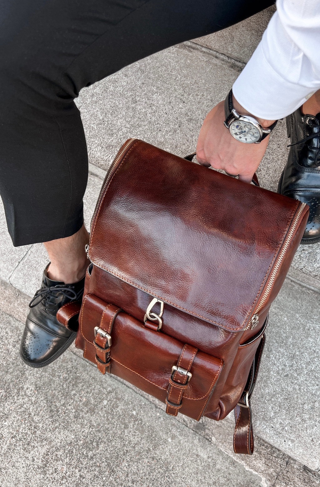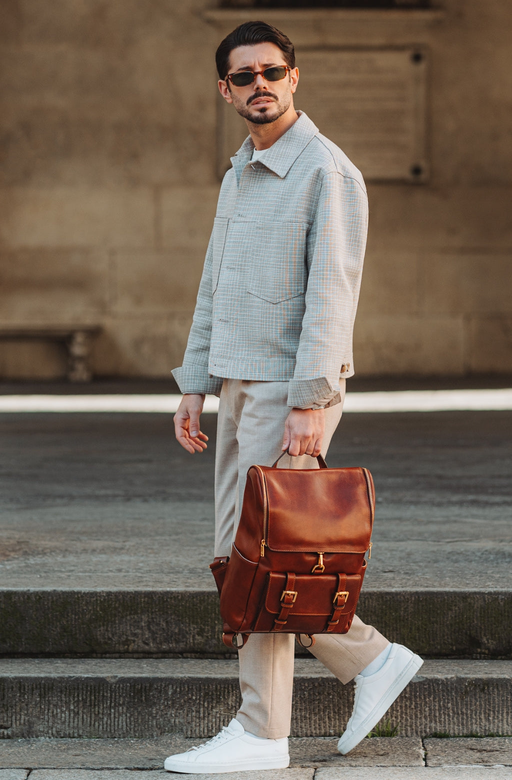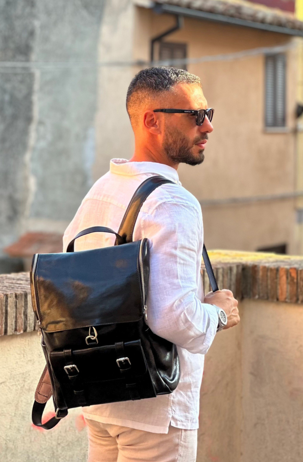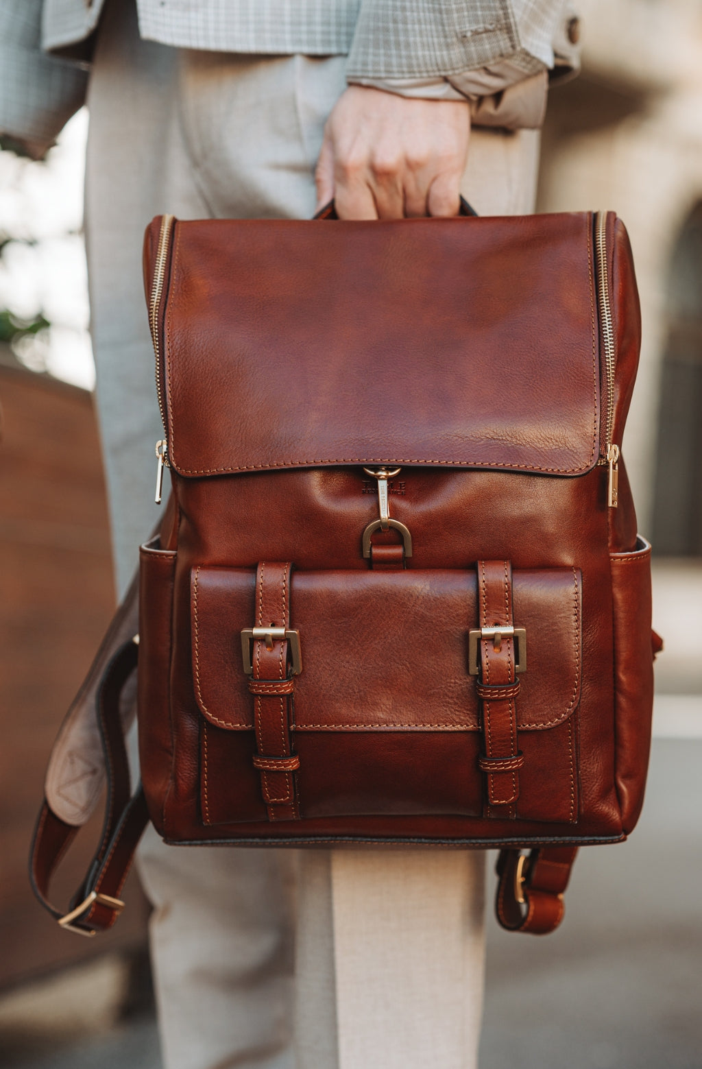 Zaino in pelle pieno fiore che unisce stile e praticità, grazie all’ampia capienza e ai dettagli studiati per garantire il massimo comfort. La scelta perfetta per chi è sempre in movimento, tra viaggi, lavoro e studio.
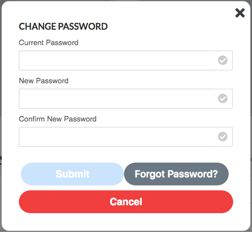Enter your current password in the form, then enter your new password in the New Password field below, and re-enter your new password in the Confirm New Password field. Then hit ‘Submit’. Please note - if you have signed in with Facebook or Google you will not see this option because it is not applicable.
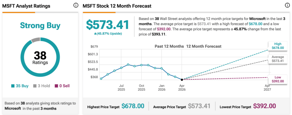 In general, Wall Street analysts are growing increasingly bullish on Microsoft over the next year. According to figures compiled on TipRanks, 38 analysts collectively assign the stock a ‘Strong Buy’ rating, including 35 buy ratings, three holds, and no sell calls.
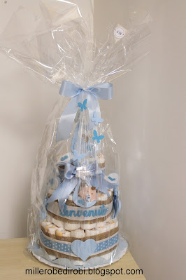 Mi chiedono spesso: ma quanti pannolini ci vanno per una torta? Beh ci sono torte di tutte le dimensioni, per questa ne ho usati 60, due pacchi del numero 2 (3-6 kg). Ma se ne possono fare anche più grandi o più piccole, all'interno si possono mettere le salviette, i prodotti per la cura del corpo, calzettini, bavaglini, body... tutto quello che volete per un regalo super utile e super gradito. A questa ho abbinato il classico fiocco nascita col nome per la cameretta.
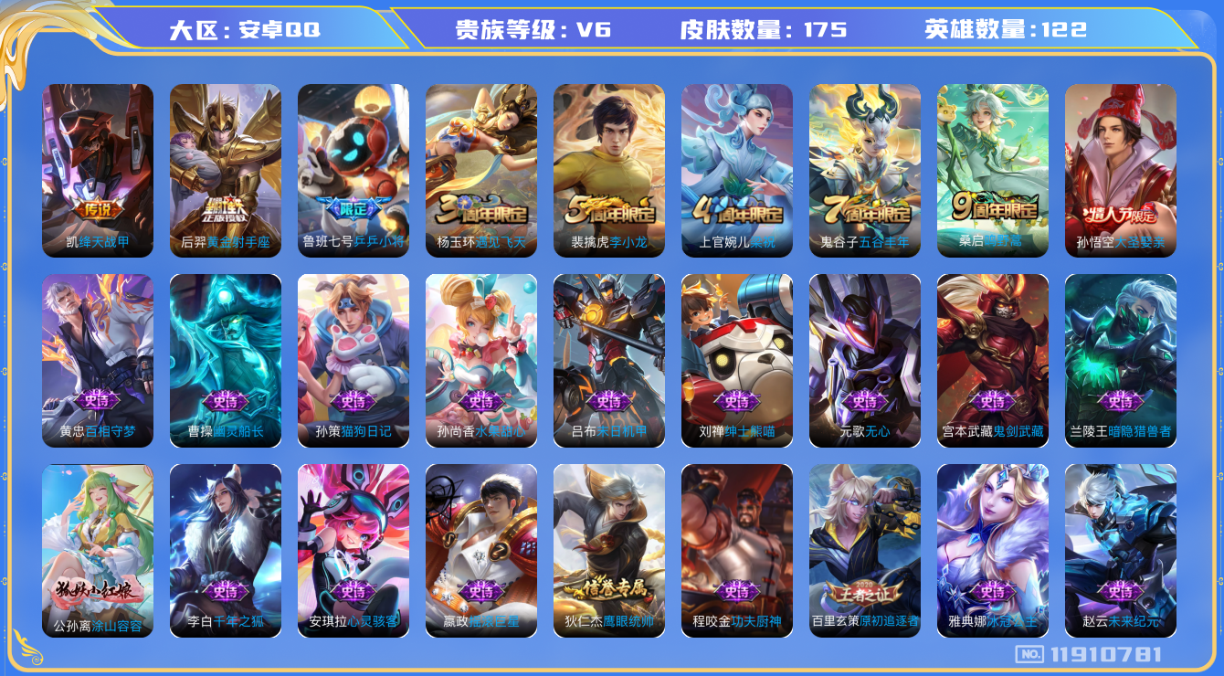 [11910781]V6 3传说 122英雄 175皮肤 可修改实名 优质装备:黄金射手座,绛天战甲(鸡嘴战神),涂山容容 珍宝阁皮:胡桃夹子,蔷薇恋人 限定皮:鸣野蒿,遇见飞天,五谷丰年,梁祝,李小龙,大圣娶亲,乒乒小将 史诗皮:龙之律动,百相守梦-黄忠,白龙吟,特工魅影,千年之狐,冰冠公主,龙骑士(小龙虾),末日机甲-吕布,猫狗日记-孙策,摇滚巨星,水果甜心,绅士熊喵,心灵骇客,功夫厨神,暗隐猎兽者,幽灵船长,鬼剑武藏,纤云弄巧,拒霜思,金属风暴,原初追逐者,鹰眼统帅,魅力维加斯,无心,未来纪元-赵云
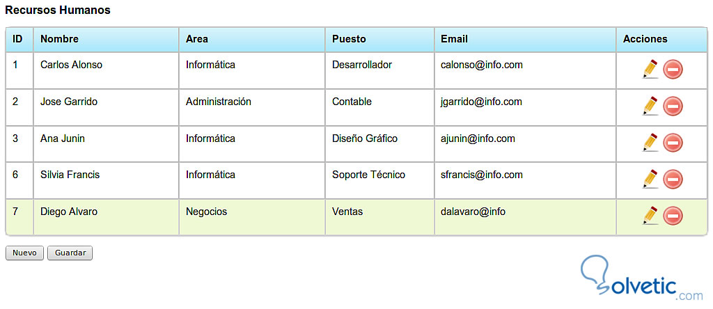 CREATE TABLE IF NOT EXISTS `personal` ( `id` int(11) NOT NULL AUTO_INCREMENT, `nombre` varchar(100) NOT NULL, `area` varchar(100) NOT NULL, `puesto` varchar(100) NOT NULL, `email` varchar(100) NOT NULL, PRIMARY KEY (`id`) ) ENGINE=InnoDB DEFAULT CHARSET=latin1 AUTO_INCREMENT=1; -- -- Insertamos algunos datos -- INSERT INTO `personal` (`id`, `nombre`, `area`, `puesto`, `email`) VALUES (1, 'Carlos Alonso', 'Informática', 'Desarrollador', 'calonso@info.com'), (2, 'Jose Garrido', 'Administración', 'Contable', 'jgarrido@info.com'), (3, 'Ana Junin', 'Informática', 'Diseño Gráfico', 'ajunin@info.com');
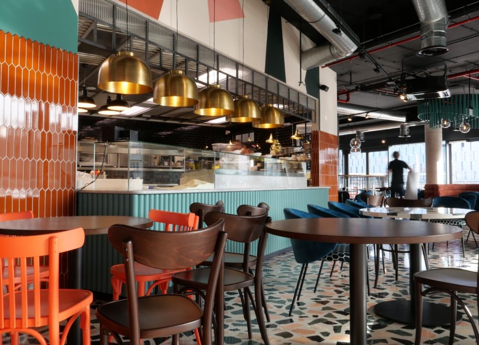 L’Osteria je restaurace, která se nachází na Masarykově nádraží, a pyšní se hravým designem a funkčností. Naše práce zahrnovala výrobní dokumentaci dle návrhů architektů z Německa, výrobu i realizaci. V prostoru nelze přehlédnout čalouněné sezení, které je očalouněné látkami se zajímavou texturou a barvami. Stolečky jsou také velmi variabilní, s jednoduchou černou nebo neobvykle tvarovanou mosaznou podnoží. Na podnože jsou instalované dřevěné desky, desky z terazzo materiálu ze Španělska a ze zeleného mramoru. Některé stolové desky jsou obohaceny o mosazné orámování hran. Největší dominantou je bar, na jehož výrobě se náš tým také podílel.
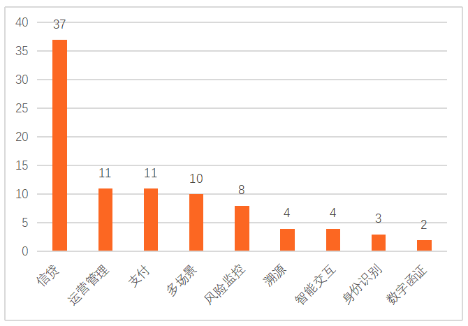截至2021年6月,三批金融科技創(chuàng)新監(jiān)管試點(diǎn)應(yīng)用主要針對(duì)的領(lǐng)域有信貸、運(yùn)營(yíng)管理、支付、多場(chǎng)景、風(fēng)險(xiǎn)監(jiān)控、溯源、智能交互、身份識(shí)別、數(shù)字函證等。其中,有37項(xiàng)試點(diǎn)主要針對(duì)信貸領(lǐng)域,占41%。信貸、運(yùn)營(yíng)管理、支付、多場(chǎng)景四大領(lǐng)域的試點(diǎn)共有69個(gè),占77%,可見(jiàn)試點(diǎn)應(yīng)用針對(duì)領(lǐng)域的集中度較高,需求主要集中在信貸、運(yùn)營(yíng)管理、支付、多場(chǎng)景四大領(lǐng)域。

▶ [TASK PROMPT]
Pictures stay out; copy every entry above exactly.

▶ [YOUR RESPONSE]
 Zaino in pelle pieno fiore che unisce stile e praticità, grazie all’ampia capienza e ai dettagli studiati per garantire il massimo comfort. La scelta perfetta per chi è sempre in movimento, tra viaggi, lavoro e studio.
Enter your current password in the form, then enter your new password in the New Password field below, and re-enter your new password in the Confirm New Password field. Then hit ‘Submit’. Please note - if you have signed in with Facebook or Google you will not see this option because it is not applicable.
 In general, Wall Street analysts are growing increasingly bullish on Microsoft over the next year. According to figures compiled on TipRanks, 38 analysts collectively assign the stock a ‘Strong Buy’ rating, including 35 buy ratings, three holds, and no sell calls.
 Mi chiedono spesso: ma quanti pannolini ci vanno per una torta? Beh ci sono torte di tutte le dimensioni, per questa ne ho usati 60, due pacchi del numero 2 (3-6 kg). Ma se ne possono fare anche più grandi o più piccole, all'interno si possono mettere le salviette, i prodotti per la cura del corpo, calzettini, bavaglini, body... tutto quello che volete per un regalo super utile e super gradito. A questa ho abbinato il classico fiocco nascita col nome per la cameretta.
 [11910781]V6 3传说 122英雄 175皮肤 可修改实名 优质装备:黄金射手座,绛天战甲(鸡嘴战神),涂山容容 珍宝阁皮:胡桃夹子,蔷薇恋人 限定皮:鸣野蒿,遇见飞天,五谷丰年,梁祝,李小龙,大圣娶亲,乒乒小将 史诗皮:龙之律动,百相守梦-黄忠,白龙吟,特工魅影,千年之狐,冰冠公主,龙骑士(小龙虾),末日机甲-吕布,猫狗日记-孙策,摇滚巨星,水果甜心,绅士熊喵,心灵骇客,功夫厨神,暗隐猎兽者,幽灵船长,鬼剑武藏,纤云弄巧,拒霜思,金属风暴,原初追逐者,鹰眼统帅,魅力维加斯,无心,未来纪元-赵云
 CREATE TABLE IF NOT EXISTS `personal` ( `id` int(11) NOT NULL AUTO_INCREMENT, `nombre` varchar(100) NOT NULL, `area` varchar(100) NOT NULL, `puesto` varchar(100) NOT NULL, `email` varchar(100) NOT NULL, PRIMARY KEY (`id`) ) ENGINE=InnoDB DEFAULT CHARSET=latin1 AUTO_INCREMENT=1; -- -- Insertamos algunos datos -- INSERT INTO `personal` (`id`, `nombre`, `area`, `puesto`, `email`) VALUES (1, 'Carlos Alonso', 'Informática', 'Desarrollador', 'calonso@info.com'), (2, 'Jose Garrido', 'Administración', 'Contable', 'jgarrido@info.com'), (3, 'Ana Junin', 'Informática', 'Diseño Gráfico', 'ajunin@info.com');
 L’Osteria je restaurace, která se nachází na Masarykově nádraží, a pyšní se hravým designem a funkčností. Naše práce zahrnovala výrobní dokumentaci dle návrhů architektů z Německa, výrobu i realizaci. V prostoru nelze přehlédnout čalouněné sezení, které je očalouněné látkami se zajímavou texturou a barvami. Stolečky jsou také velmi variabilní, s jednoduchou černou nebo neobvykle tvarovanou mosaznou podnoží. Na podnože jsou instalované dřevěné desky, desky z terazzo materiálu ze Španělska a ze zeleného mramoru. Některé stolové desky jsou obohaceny o mosazné orámování hran. Největší dominantou je bar, na jehož výrobě se náš tým také podílel.
截至2021年6月,三批金融科技創(chuàng)新監(jiān)管試點(diǎn)應(yīng)用主要針對(duì)的領(lǐng)域有信貸、運(yùn)營(yíng)管理、支付、多場(chǎng)景、風(fēng)險(xiǎn)監(jiān)控、溯源、智能交互、身份識(shí)別、數(shù)字函證等。其中,有37項(xiàng)試點(diǎn)主要針對(duì)信貸領(lǐng)域,占41%。信貸、運(yùn)營(yíng)管理、支付、多場(chǎng)景四大領(lǐng)域的試點(diǎn)共有69個(gè),占77%,可見(jiàn)試點(diǎn)應(yīng)用針對(duì)領(lǐng)域的集中度較高,需求主要集中在信貸、運(yùn)營(yíng)管理、支付、多場(chǎng)景四大領(lǐng)域。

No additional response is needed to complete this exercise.